—Soy tu padre, Jonay. —Me había sobresaltado su voz por detrás cuando me encaminaba a clase; había descartado que aquel hombre volviera a perseguirme—. No te asustes, hijo mío. No quiero otra cosa que darte un beso.
Aún bajo los efectos de la sorpresa y del miedo, le pedí:
—No me bese. Mi padre está en Venezuela, usted no es mi padre.
—Sí lo soy, Jonay, te han engañado. —Metió la mano en su chaqueta, extrajo la cartera y dijo—: Mira... —Me mostró una foto en la que aparecía con mi madre el día de su boda, muy elegantes los dos, él mucho más delgado que ahora y con un impecable terno negro y corbata; mi madre, bellísima, como no la había visto jamás en ninguna foto, con un velo de tul y una corona de azahar en su cabeza. Me eché a llorar—. No llores.
—Tengo miedo.
Me acogió con sus brazos y me apretó contra él. Un cálido olor, mezcla de tabaco y perfume de afeitado, extraño para mí y a la vez anhelado; un olor a hombre, que había olisqueado en los padres de mis amigos y que faltaba en mi casa, me llegó en ese momento como propio, como si acabara por darme la confianza en alguien que me faltaba. Una respiración cansada y honda la suya, de satisfacción, quizá, y de nerviosismo, me transmitía una súbita seguridad de que efectivamente aquel hombre era mi verdadero padre.

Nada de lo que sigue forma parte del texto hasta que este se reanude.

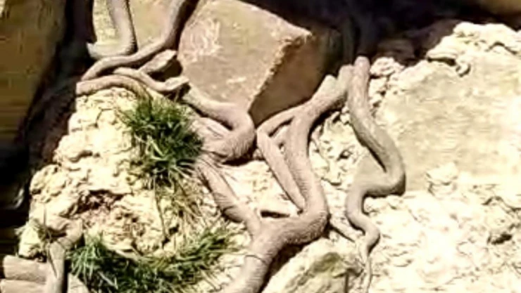 Hakkari'nin Yüksekova ilçesinde ölümcül zehre sahip olan engerek yılanları, sürü halinde güneşlenirken görüntülendi.
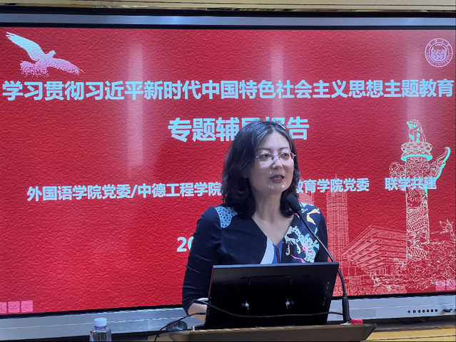 5月12日下午,外国语公司党委与中德工程学院与职业技术教育公司党委开展主题教育联学共建,在汇文楼518举行党委中心组(扩大)学习暨第四次读书班。此次学习邀请中国国际问题研究院欧洲研究所所长崔洪建研究员,做题为《中国式现代化与中欧关系》的专题辅导报告。外国语公司党委、中德工程学院与职业技术教育公司党委中心组成员、支部书记和委员、入党积极分子和发展对象等参加了本次学习,专题学习由外国语公司党委书记郑春荣主持。
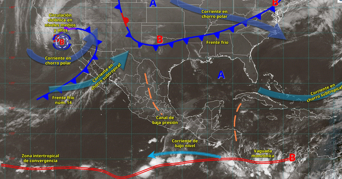 El Servicio Meteorológico Nacional informó que lluvias puntuales fuertes impactarán este día a Baja California y Chiapas, debido al desplazamiento del frente frío número 14 sobre el noroeste de México, el cual interactúa con una vaguada en niveles medios y altos, así como con las corrientes en chorro polar y subtropical. Este sistema provocará descenso de temperatura, rachas de viento de hasta 70 km/h y condiciones inestables que afectarán principalmente a Sonora, Chihuahua y la región noroeste del país.
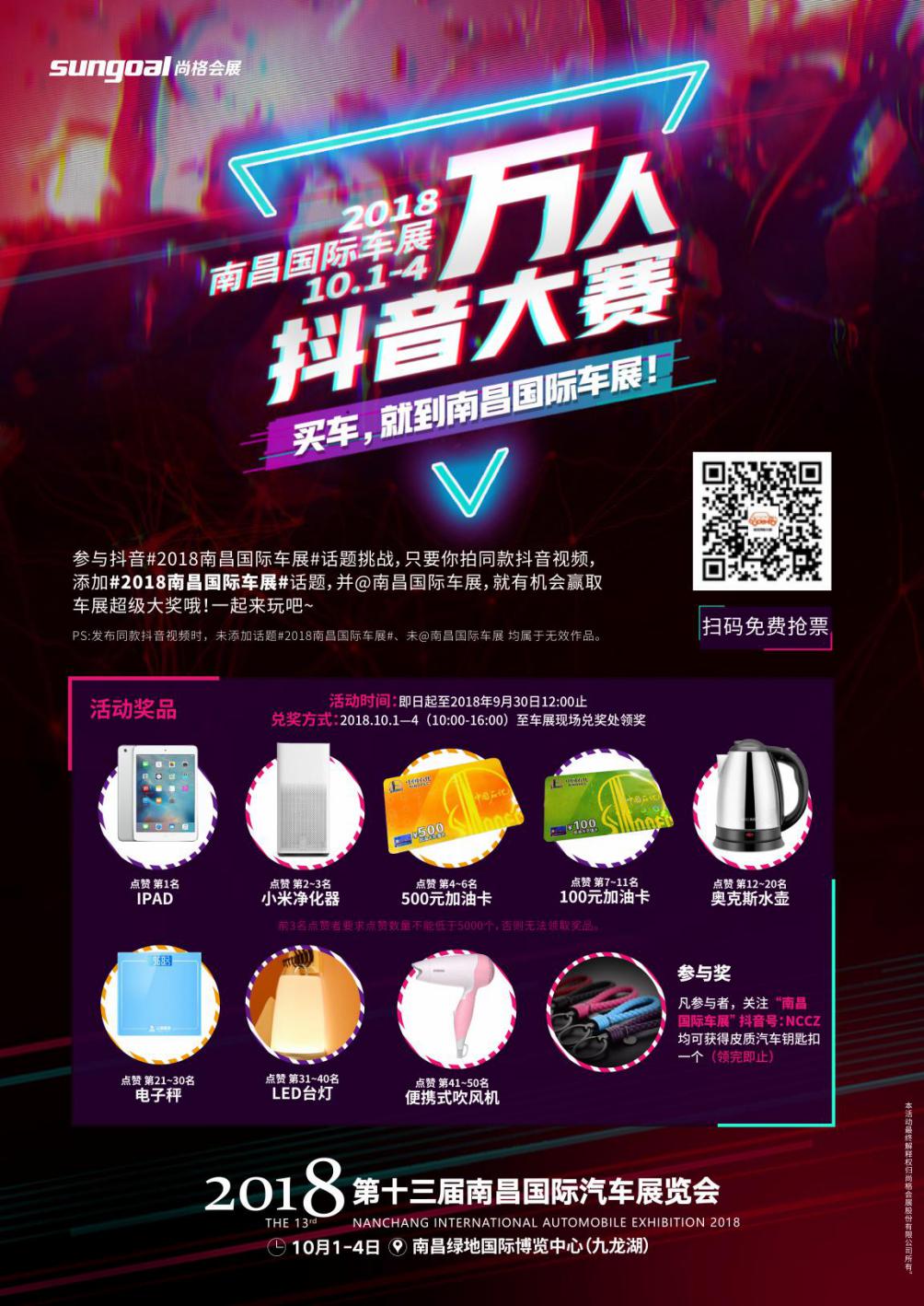 PS.發(fā)布同款抖音視頻時,未添加話題#2018南昌國際車展#、未@南昌國際車展 均屬于無效作品。
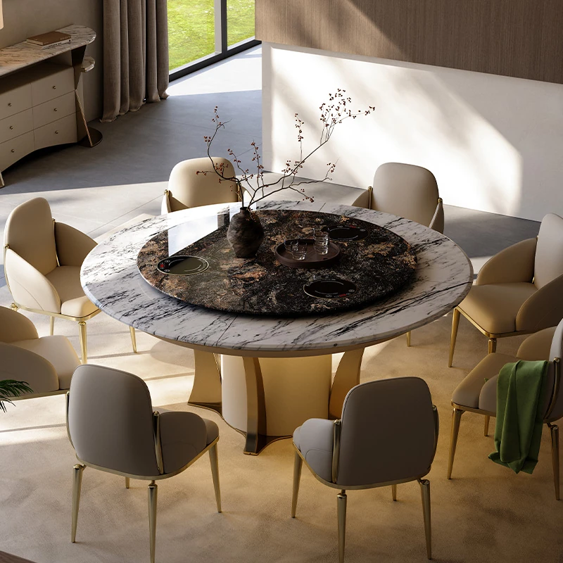 輸入された大理石のダイニングテーブル、モダンでシンプルなデザイン、天然素材の贅沢感を楽しめます。全室にマッチするスタイルで、内蔵回転盤付きの無垢材のラウンドテーブルで、毎日の食卓を特別な空間に演出します。
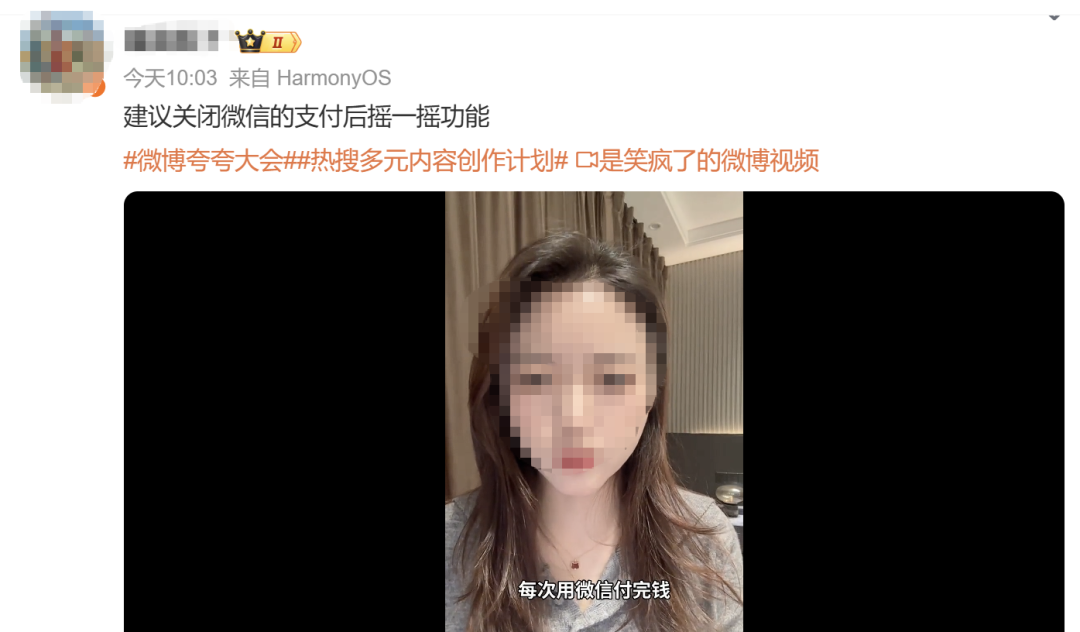 日前,“建议关闭微信支付后摇一摇功能”的话题登上热搜,起因是一位博主发布视频揭露了微信支付后“摇一摇”功能的潜在风险。
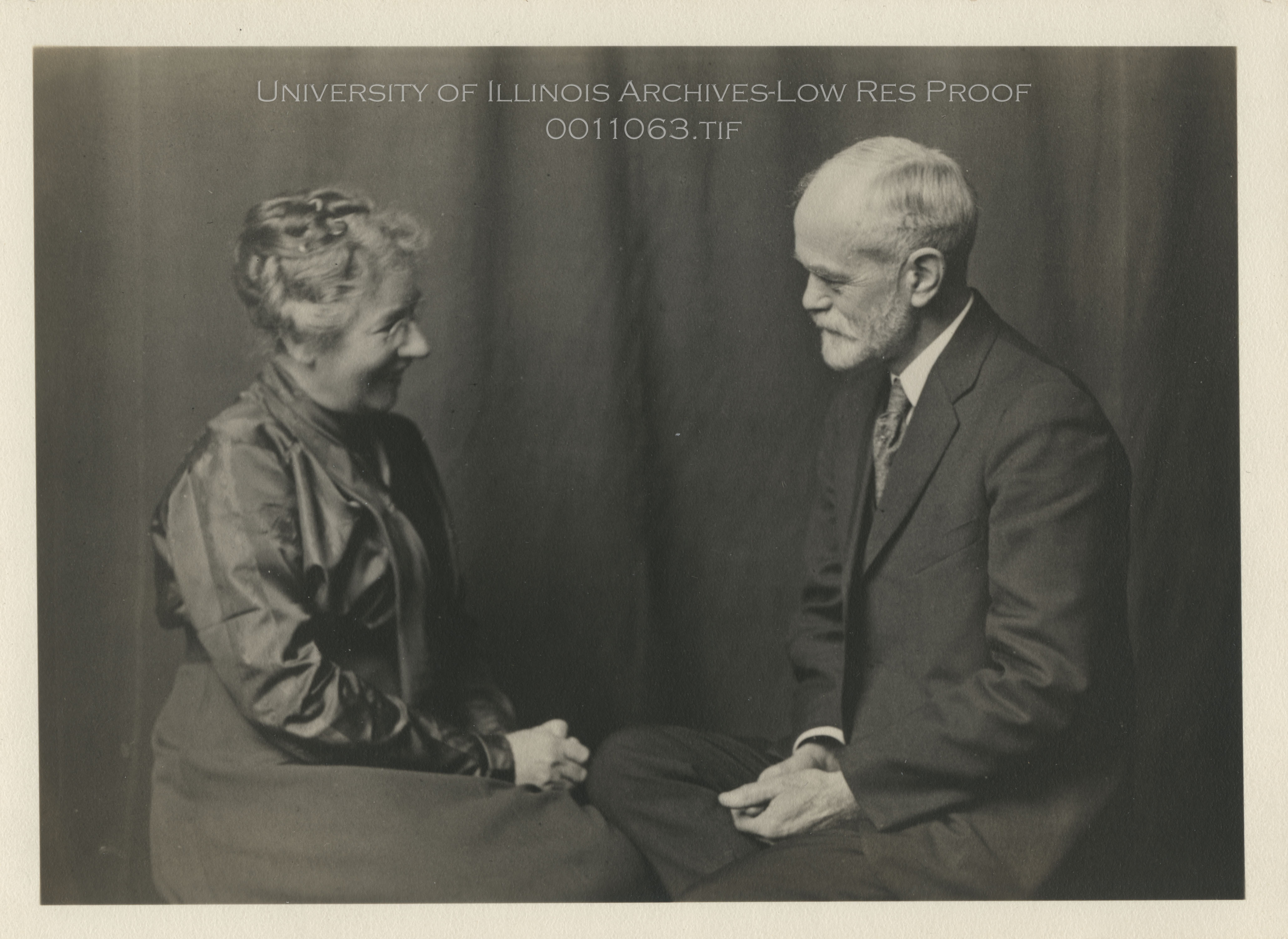 Photo of Dean Eugene Davenport and his wife, Emma. They are sitting in front of a curtain and looking at each other. Dean Davenport is wearing a suit with a tie and Mrs. Emma Davenport is wearing a bloiuse, skirt, and glasses. They are smiling at each other.
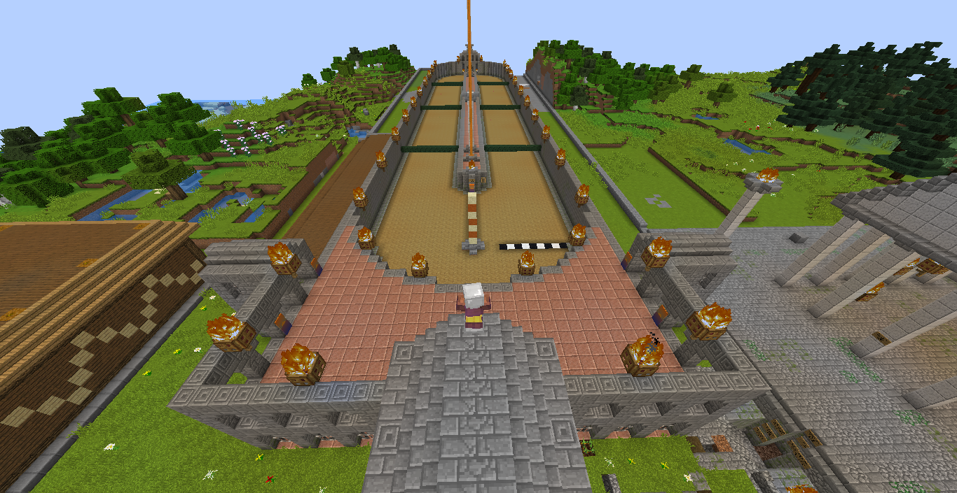 - Al Fondo Sur, adyacente a la entrada a la zona arqueológica se halla el acceso a las Salas Vips de aldeanos seleccionados para comerciar, Están a la disposición de los jugadores varios bibliotecarios, herreros y granjeros para cambiar comida por esmeraldas. En la entrada existe una máquina automatizada que a cambio de dos diamantes te suministra tres esmeraldas para que puedas comerciar con los bibliotecarios y herreros si no dispones de las esmeraldas suficientes.
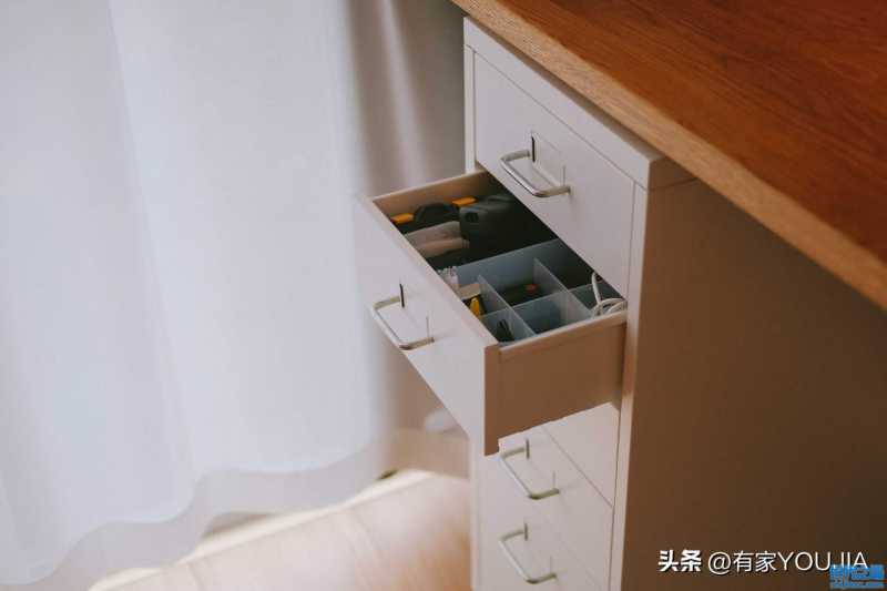 与办公桌想搭配的是宜家海尔默抽屉柜,6层抽屉,高度正好可以放在桌子下方,完美。这款收纳柜外观耐看,白色也比较百搭,而且金属材质质感不错,同时也比颗粒板柜子更环保柜子收纳能力强,6层收纳柜,可以装各种零碎的小物件。
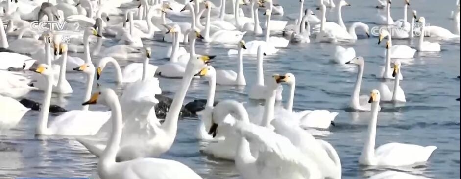 總臺記者 柳棟:我所在的位置是山東榮成大天鵝國家級自然保護區(qū),多年來這里形成了煙墩角、天鵝湖和櫻花湖三處大天鵝的集中區(qū)。今年遷徙的1萬多只大天鵝,目前九成以上已經(jīng)抵達這里,僅我所在的保護區(qū)范圍里就有超過6000多只。這里的工作人員告訴我,這些大天鵝是從3000多公里外的西伯利亞等地區(qū)長途飛行45天左右才能抵達的。飛抵后,大天鵝會在這里越冬,直到來年三四月份才會離開。因此,這里的大天鵝不再忙于練習飛翔和補充體力,而是從容不迫地開啟了度假模式,游客們也可以近距離與它們進行互動。
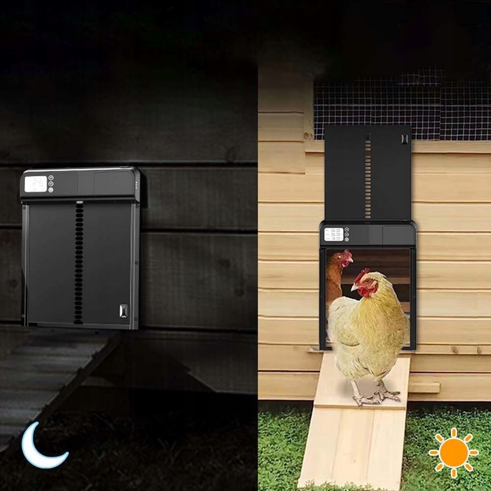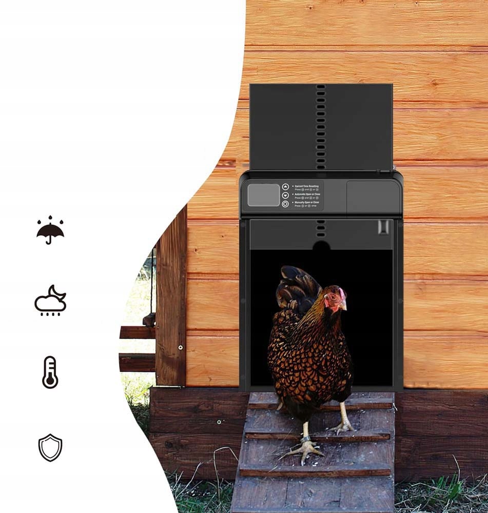 Эти автоматические двери в курятник безопасны и достаточно сильны, чтобы отразить других крупных животных и обеспечить безопасность птицы, водостойкость IP45, хорошо работает в дождливые или снежные дни.
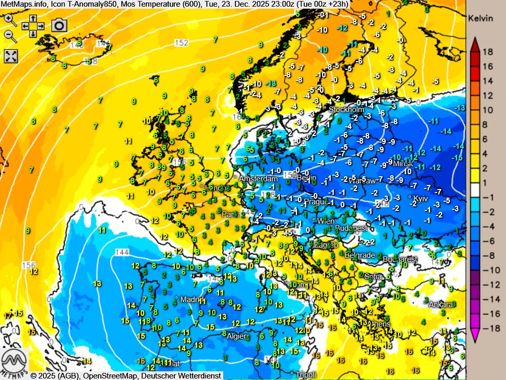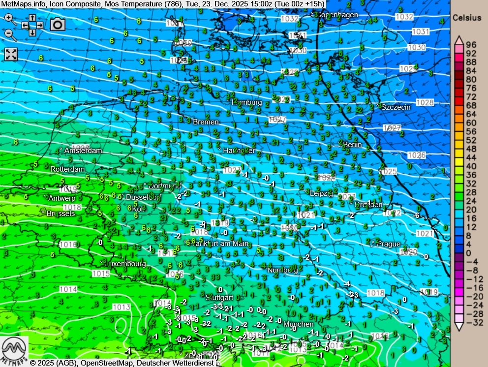 Die Temperaturen erreichen Höchstwerte um 0 bis 7 Grad.
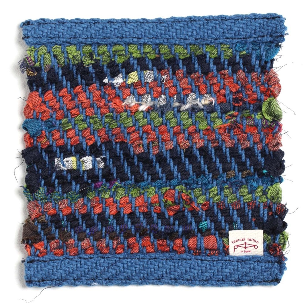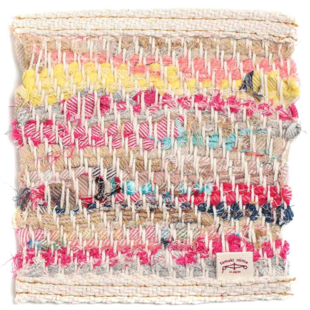 The warp is a plump, thick cotton thread,The weft is leftover cloth from clothing.
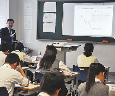 高校生が証券会社の社員から経済や金融について学ぶ特別授業が、三浦学苑高校で行われた。野村証券株式会社の横須賀支店・門井宏二郎支店長と同支店のファイナンシャル・コンサルティング課の千葉光之輔さんが講師となり、経済の基礎知識や株式の仕組みなどを学んだ。

—¿Cuando viniste de Venezuela?
—Nunca he estado en Venezuela, hijo.
—¿Y por qué te fuiste de casa?
—No me fui, fue tu madre la que se marchó y te llevó con ella.
—Podía haberme quedado contigo.
—Tuve miedo de no hacerlo bien, un niño necesita siempre a su madre.
—¿Y por qué se fue mamá?
Se encogió de hombros y guardó silencio durante unos instantes. Después dijo:
—Mira, Jonay, es muy difícil de explicar, hay cosas que no se deben contar a los niños. Cuando seas mayor lo sabrás.
—Cuando seas mayor, cuando seas mayor... Hablas como mamá.
—No, hijo, por favor, ella es... —se cortó un instante y prosiguió—: Ella es muy distinta.
Los ojos de mi padre, tan luminosos, se llenaron de lágrimas que no acabaron de caer por su rostro. Dijo que mi madre era muy distinta como si no hubiera encontrado la palabra que quería emplear para decir cómo era, o como si se hubiera arrepentido antes de decirla.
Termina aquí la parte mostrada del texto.